### PROMPT
Leaving out every picture, copy the lines of the material below exactly, from the line containing "Set pentru petrecerea" through the line containing "X says I don't".

### DATASET
# # # #

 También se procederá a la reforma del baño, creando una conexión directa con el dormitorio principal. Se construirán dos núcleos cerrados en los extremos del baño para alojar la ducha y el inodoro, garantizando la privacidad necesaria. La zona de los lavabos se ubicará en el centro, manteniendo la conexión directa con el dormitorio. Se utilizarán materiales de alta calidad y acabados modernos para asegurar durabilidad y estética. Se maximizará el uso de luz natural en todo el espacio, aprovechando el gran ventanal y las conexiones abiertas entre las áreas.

# # # #

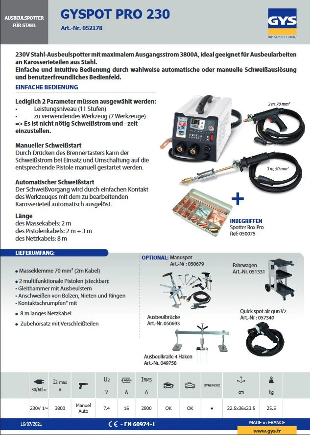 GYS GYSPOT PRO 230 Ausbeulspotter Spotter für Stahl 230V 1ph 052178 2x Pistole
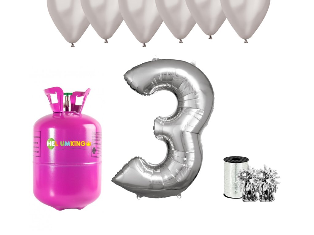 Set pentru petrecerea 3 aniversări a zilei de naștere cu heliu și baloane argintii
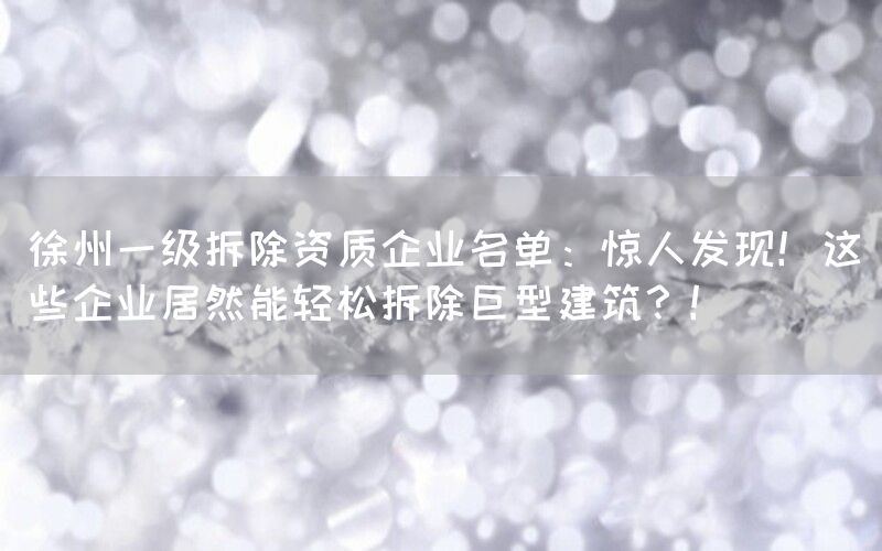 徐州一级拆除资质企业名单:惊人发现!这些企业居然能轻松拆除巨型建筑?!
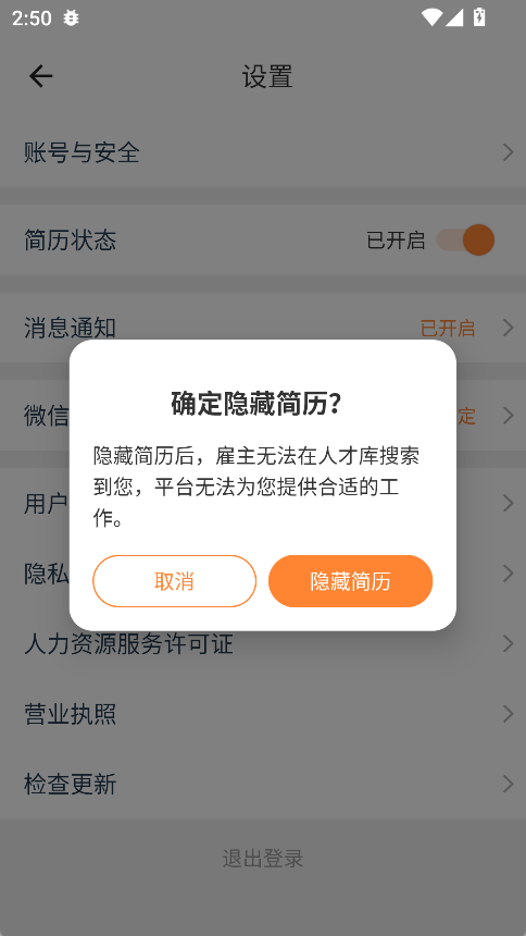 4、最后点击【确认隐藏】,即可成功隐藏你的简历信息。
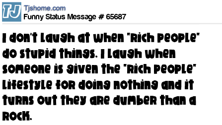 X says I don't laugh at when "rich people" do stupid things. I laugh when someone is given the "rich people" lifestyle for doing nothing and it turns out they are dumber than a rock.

# # # #

### ANSWER TO THE EXERCISE
 Set pentru petrecerea 3 aniversări a zilei de naștere cu heliu și baloane argintii
 徐州一级拆除资质企业名单:惊人发现!这些企业居然能轻松拆除巨型建筑?!
 4、最后点击【确认隐藏】,即可成功隐藏你的简历信息。
 X says I don't laugh at when "rich people" do stupid things. I laugh when someone is given the "rich people" lifestyle for doing nothing and it turns out they are dumber than a rock.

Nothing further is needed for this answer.